Airlines und Flughäfen sind mit stark gestiegenen Kosten in fast allen Bereichen konfrontiert. Der Treibstoff ist der offensichtlichste Faktor, jedoch haben die Luftraumsperren und die damit verbunden Umwege auch ungeahnte andere Auswirkungen. Da länger geflogen wird benötigen die Maschinen mehr Treibstoff und können weniger Fracht mitnehmen. Diese Auswirkungen würden sich nach und nach zeigen. Auch steht Spezialfluggerät russischer und ukrainischer Frachtairlines nicht mehr zur Verfügung, was für gewisse Cargo-Güter ebenfalls kompliziert wird.
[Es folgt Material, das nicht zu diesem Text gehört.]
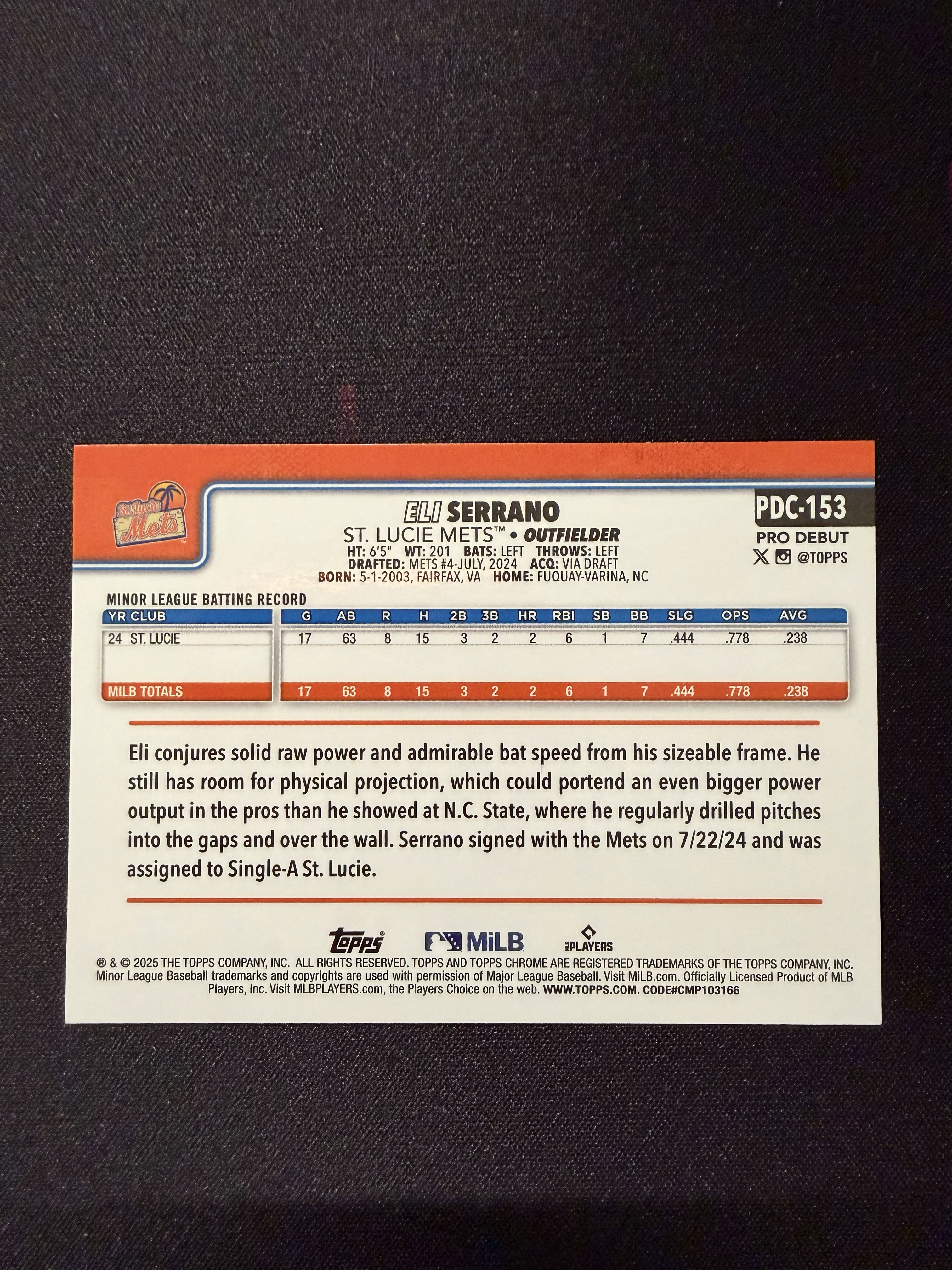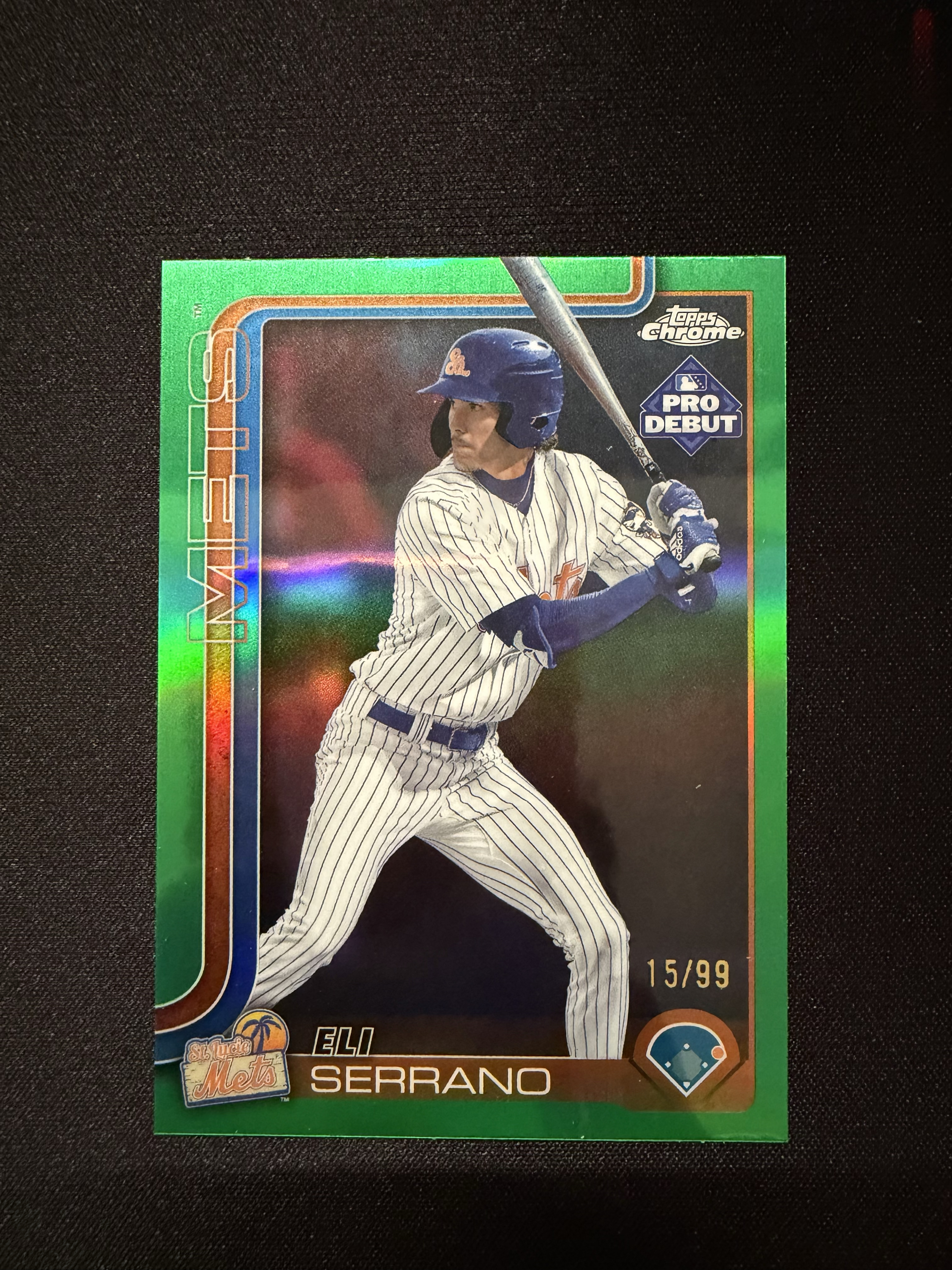 2025 Topps Pro Debut Eli Serrano RC 棒球 小联盟首秀系列 埃利 塞拉诺 纽约大都会 外野手 正绿折 Chrome材质 15/99编

Düsseldorf habe pro Jahr rund eine halbe Million Ukraine-Passagiere gehabt. Diese würden aufgrund des Krieges wegfallen. Dazu komme aber, dass Destinationen in Richtung Osteuropa momentan laut Fluggesellschaften schwach gebucht wären, während in Richtung Westen die Nachfrage hoch sein soll.